## What needs to be done
Exactly the lines below starting at the line with "成分: L-色胺酸、麩胺酸發" and ending at the line with "Bold, blooming, and" are wanted, with both ends included. Leave out the pictures and add no other lines.

(Dataset records)
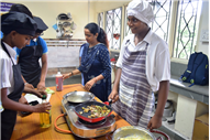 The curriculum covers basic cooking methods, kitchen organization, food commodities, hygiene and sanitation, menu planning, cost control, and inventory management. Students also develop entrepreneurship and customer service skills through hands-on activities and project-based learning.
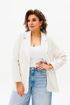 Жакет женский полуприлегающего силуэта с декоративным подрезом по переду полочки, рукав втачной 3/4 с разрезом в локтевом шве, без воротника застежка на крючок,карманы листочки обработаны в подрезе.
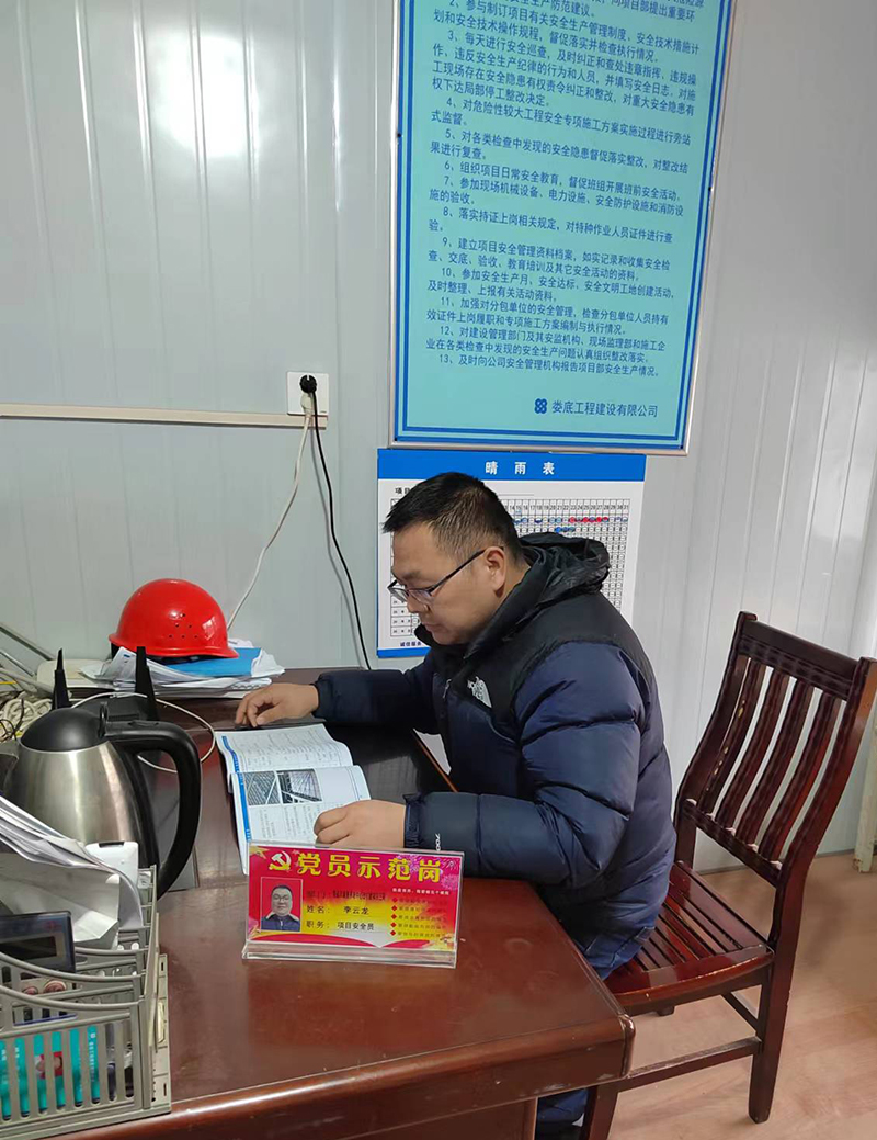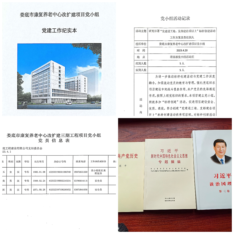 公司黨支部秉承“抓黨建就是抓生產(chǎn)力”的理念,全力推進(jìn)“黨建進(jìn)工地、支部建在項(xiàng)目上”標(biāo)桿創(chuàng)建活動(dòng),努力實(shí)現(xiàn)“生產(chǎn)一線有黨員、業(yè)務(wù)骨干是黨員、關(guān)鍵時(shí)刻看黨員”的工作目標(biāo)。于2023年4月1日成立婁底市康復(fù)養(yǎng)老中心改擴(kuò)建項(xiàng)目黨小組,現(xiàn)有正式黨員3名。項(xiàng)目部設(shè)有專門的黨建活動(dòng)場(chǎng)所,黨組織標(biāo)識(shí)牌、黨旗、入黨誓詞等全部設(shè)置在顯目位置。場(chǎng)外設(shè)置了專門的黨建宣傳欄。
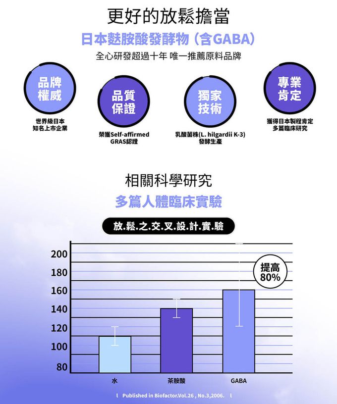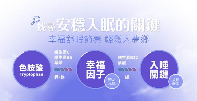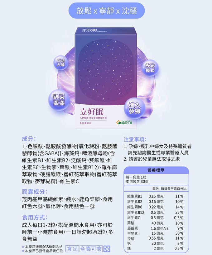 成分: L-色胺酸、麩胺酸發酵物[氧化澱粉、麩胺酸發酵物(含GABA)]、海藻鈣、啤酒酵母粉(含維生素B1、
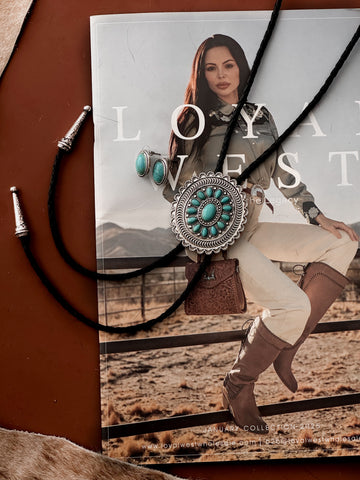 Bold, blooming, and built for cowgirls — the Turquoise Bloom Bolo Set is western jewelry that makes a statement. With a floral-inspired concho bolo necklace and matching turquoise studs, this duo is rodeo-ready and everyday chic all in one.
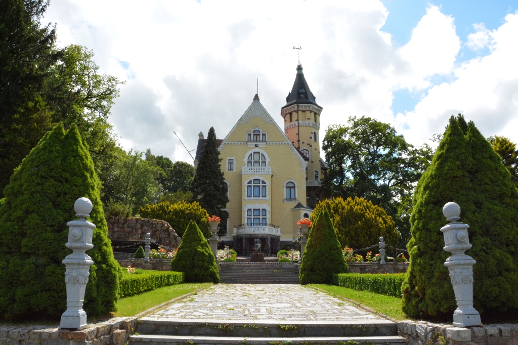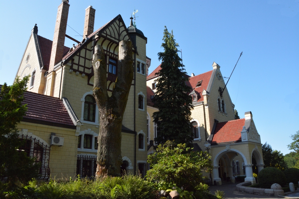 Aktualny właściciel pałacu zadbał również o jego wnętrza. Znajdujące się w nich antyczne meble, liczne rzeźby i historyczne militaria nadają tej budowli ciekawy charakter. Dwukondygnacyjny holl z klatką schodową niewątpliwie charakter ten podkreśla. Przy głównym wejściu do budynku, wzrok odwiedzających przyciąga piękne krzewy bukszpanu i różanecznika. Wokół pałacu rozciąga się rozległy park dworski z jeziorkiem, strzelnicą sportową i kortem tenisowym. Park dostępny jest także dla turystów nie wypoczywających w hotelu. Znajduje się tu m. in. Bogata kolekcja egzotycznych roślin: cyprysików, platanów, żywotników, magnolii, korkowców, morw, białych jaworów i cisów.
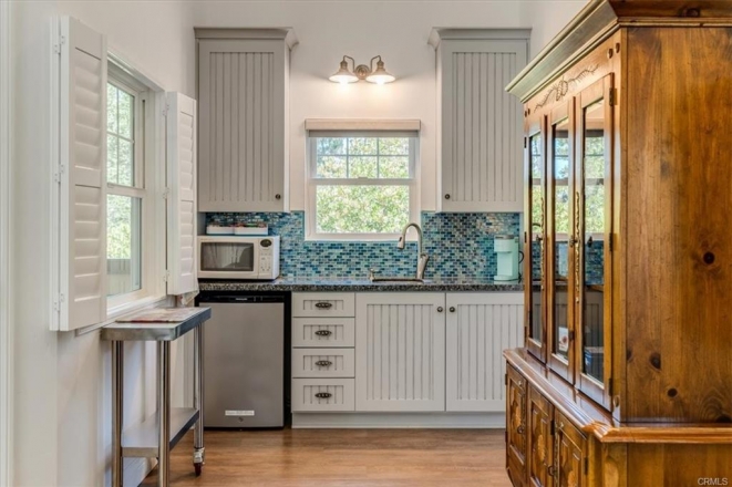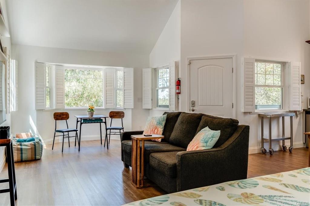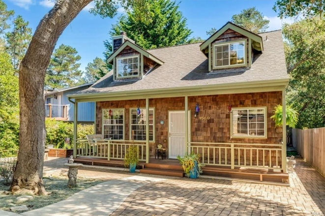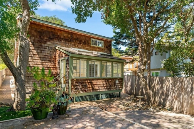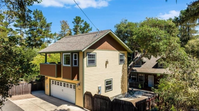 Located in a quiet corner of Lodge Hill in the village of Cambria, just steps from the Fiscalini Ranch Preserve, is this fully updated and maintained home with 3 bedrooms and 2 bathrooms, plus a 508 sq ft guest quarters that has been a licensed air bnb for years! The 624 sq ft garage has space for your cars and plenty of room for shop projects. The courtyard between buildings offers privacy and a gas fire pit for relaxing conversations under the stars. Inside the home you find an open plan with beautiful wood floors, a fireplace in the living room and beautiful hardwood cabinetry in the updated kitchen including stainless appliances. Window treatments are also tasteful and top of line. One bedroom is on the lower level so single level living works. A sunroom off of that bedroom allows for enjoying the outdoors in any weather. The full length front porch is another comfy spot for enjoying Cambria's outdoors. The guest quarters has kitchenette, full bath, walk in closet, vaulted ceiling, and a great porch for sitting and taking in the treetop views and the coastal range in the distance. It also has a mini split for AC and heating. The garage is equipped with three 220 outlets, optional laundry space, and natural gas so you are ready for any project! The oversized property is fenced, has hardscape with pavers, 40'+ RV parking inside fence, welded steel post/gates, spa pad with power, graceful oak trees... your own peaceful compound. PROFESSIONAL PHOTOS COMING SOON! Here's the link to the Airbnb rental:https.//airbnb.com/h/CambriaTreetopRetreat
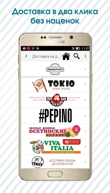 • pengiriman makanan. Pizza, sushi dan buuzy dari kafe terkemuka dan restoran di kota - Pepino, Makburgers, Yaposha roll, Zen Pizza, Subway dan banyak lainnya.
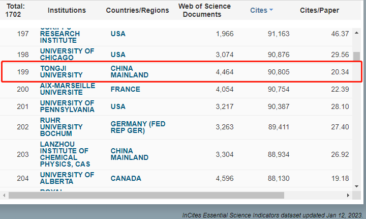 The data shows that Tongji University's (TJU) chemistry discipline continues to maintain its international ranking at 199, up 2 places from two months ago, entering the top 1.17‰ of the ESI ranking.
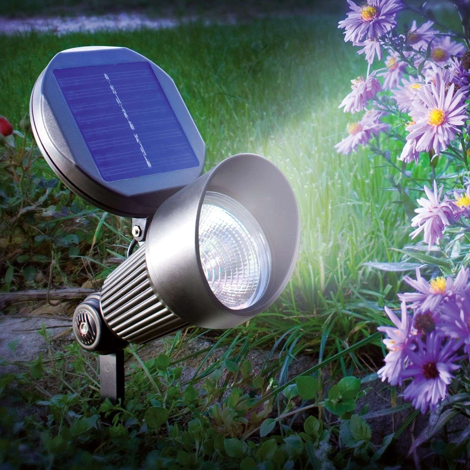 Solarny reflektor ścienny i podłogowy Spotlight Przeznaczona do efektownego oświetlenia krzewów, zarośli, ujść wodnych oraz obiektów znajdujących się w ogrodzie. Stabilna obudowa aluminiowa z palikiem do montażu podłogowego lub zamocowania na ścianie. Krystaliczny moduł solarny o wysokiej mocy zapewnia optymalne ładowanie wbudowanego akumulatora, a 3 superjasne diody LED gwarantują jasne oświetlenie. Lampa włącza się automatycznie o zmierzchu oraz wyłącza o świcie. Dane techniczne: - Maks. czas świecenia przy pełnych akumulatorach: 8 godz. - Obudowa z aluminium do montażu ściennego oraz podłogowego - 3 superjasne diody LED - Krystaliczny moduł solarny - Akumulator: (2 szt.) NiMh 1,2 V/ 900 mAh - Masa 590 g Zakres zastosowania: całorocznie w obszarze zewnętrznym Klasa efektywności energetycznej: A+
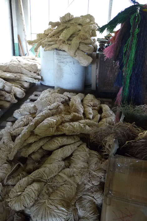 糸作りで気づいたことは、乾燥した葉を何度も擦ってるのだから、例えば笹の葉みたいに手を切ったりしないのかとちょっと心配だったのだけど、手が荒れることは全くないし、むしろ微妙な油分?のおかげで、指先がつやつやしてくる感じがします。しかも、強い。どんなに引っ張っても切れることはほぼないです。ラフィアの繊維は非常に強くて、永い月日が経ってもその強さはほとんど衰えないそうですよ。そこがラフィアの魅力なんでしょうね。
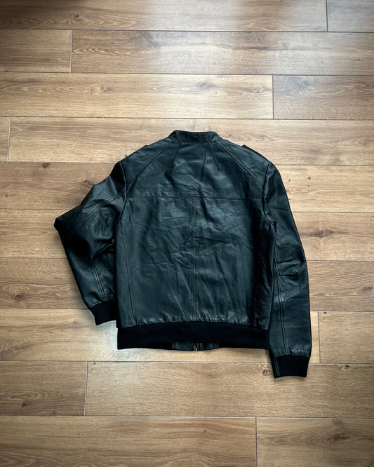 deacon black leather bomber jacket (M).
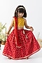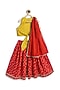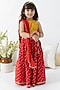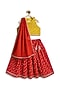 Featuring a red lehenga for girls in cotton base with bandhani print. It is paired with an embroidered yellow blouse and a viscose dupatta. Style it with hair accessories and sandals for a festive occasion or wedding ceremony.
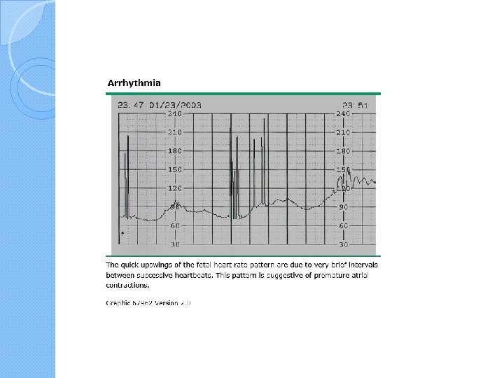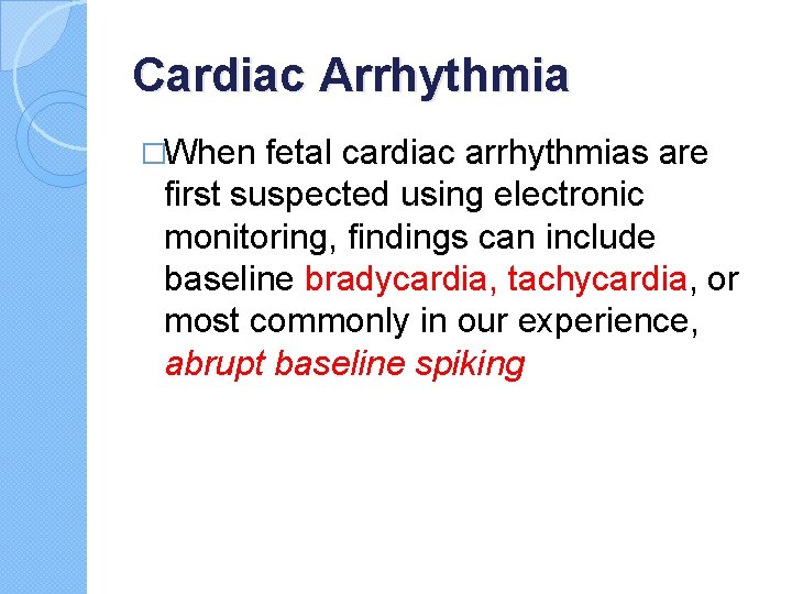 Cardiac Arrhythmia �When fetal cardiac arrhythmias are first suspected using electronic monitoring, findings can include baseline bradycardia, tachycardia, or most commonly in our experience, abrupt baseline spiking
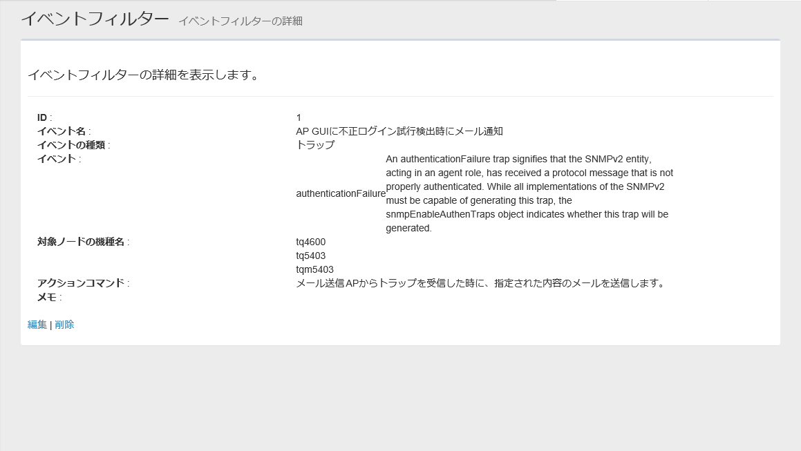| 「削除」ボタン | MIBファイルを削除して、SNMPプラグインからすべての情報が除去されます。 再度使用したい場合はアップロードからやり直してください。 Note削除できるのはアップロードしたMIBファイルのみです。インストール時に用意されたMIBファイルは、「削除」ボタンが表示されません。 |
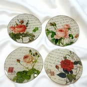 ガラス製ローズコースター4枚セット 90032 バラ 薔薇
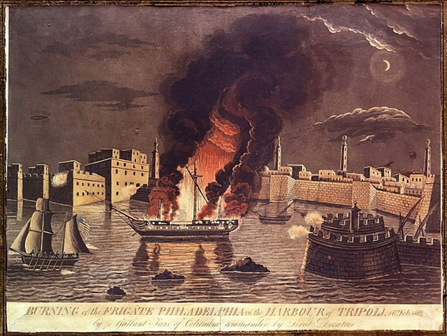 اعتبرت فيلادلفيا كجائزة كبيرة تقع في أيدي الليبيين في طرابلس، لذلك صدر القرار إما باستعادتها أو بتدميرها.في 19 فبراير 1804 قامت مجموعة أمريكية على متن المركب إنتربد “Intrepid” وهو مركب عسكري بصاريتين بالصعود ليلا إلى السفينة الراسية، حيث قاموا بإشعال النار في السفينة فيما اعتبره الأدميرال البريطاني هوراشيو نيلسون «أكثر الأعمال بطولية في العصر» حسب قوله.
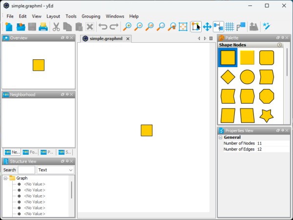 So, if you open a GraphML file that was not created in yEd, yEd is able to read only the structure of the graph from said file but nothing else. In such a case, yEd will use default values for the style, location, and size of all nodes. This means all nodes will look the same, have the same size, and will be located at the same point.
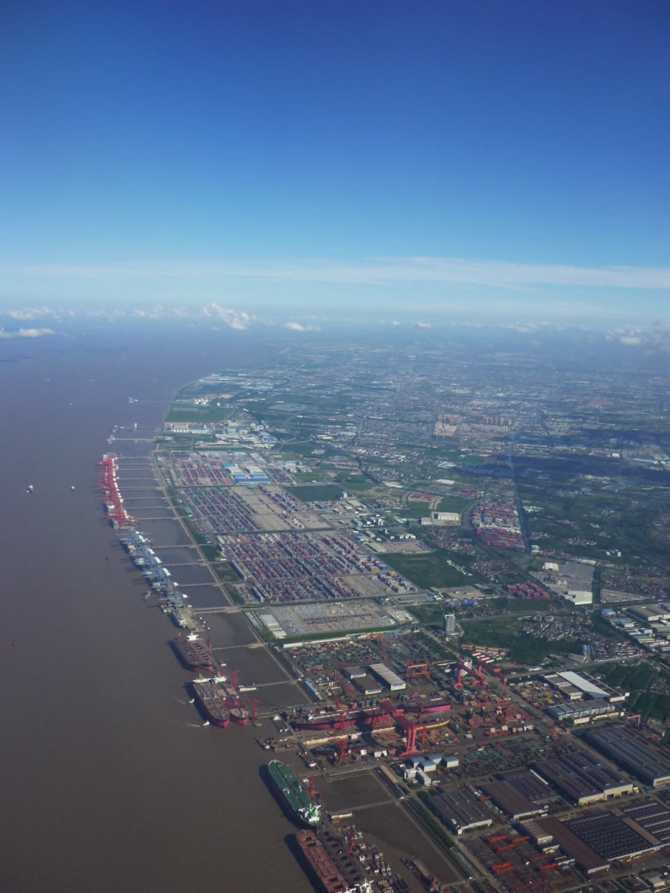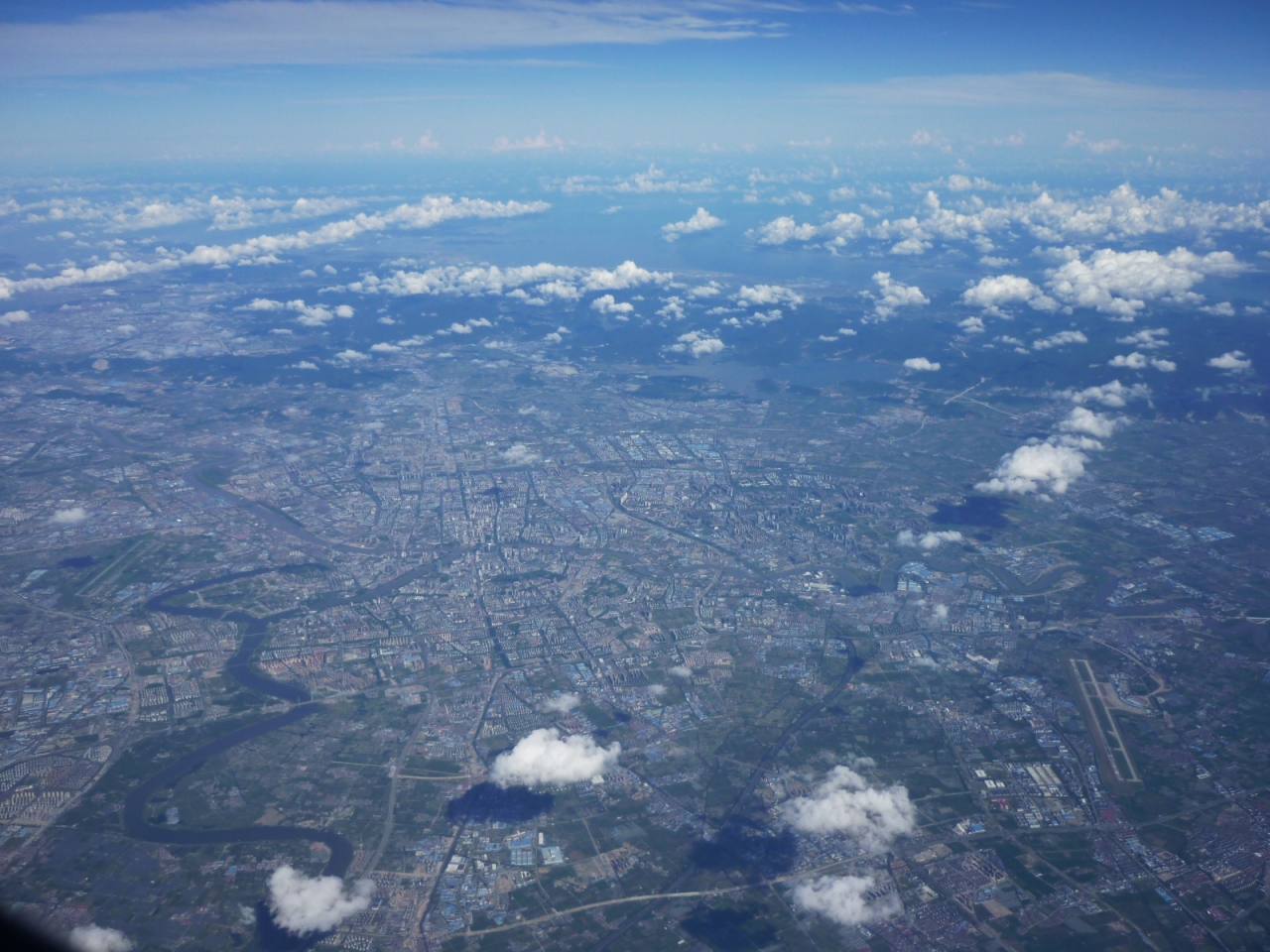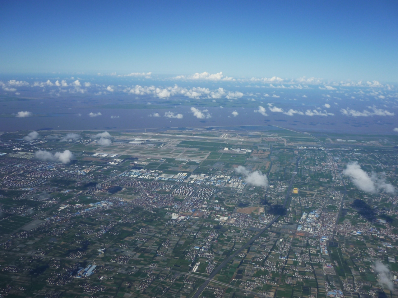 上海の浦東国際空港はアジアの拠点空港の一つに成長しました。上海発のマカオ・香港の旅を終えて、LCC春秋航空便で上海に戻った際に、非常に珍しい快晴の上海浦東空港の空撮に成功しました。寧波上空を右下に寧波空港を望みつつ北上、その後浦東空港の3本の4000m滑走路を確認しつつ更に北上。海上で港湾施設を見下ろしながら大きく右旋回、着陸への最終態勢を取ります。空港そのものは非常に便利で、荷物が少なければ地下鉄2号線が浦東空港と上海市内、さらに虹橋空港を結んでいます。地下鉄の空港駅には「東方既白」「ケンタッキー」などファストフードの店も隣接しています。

## Worked solution
 成分: L-色胺酸、麩胺酸發酵物[氧化澱粉、麩胺酸發酵物(含GABA)]、海藻鈣、啤酒酵母粉(含維生素B1、
 Bold, blooming, and built for cowgirls — the Turquoise Bloom Bolo Set is western jewelry that makes a statement. With a floral-inspired concho bolo necklace and matching turquoise studs, this duo is rodeo-ready and everyday chic all in one.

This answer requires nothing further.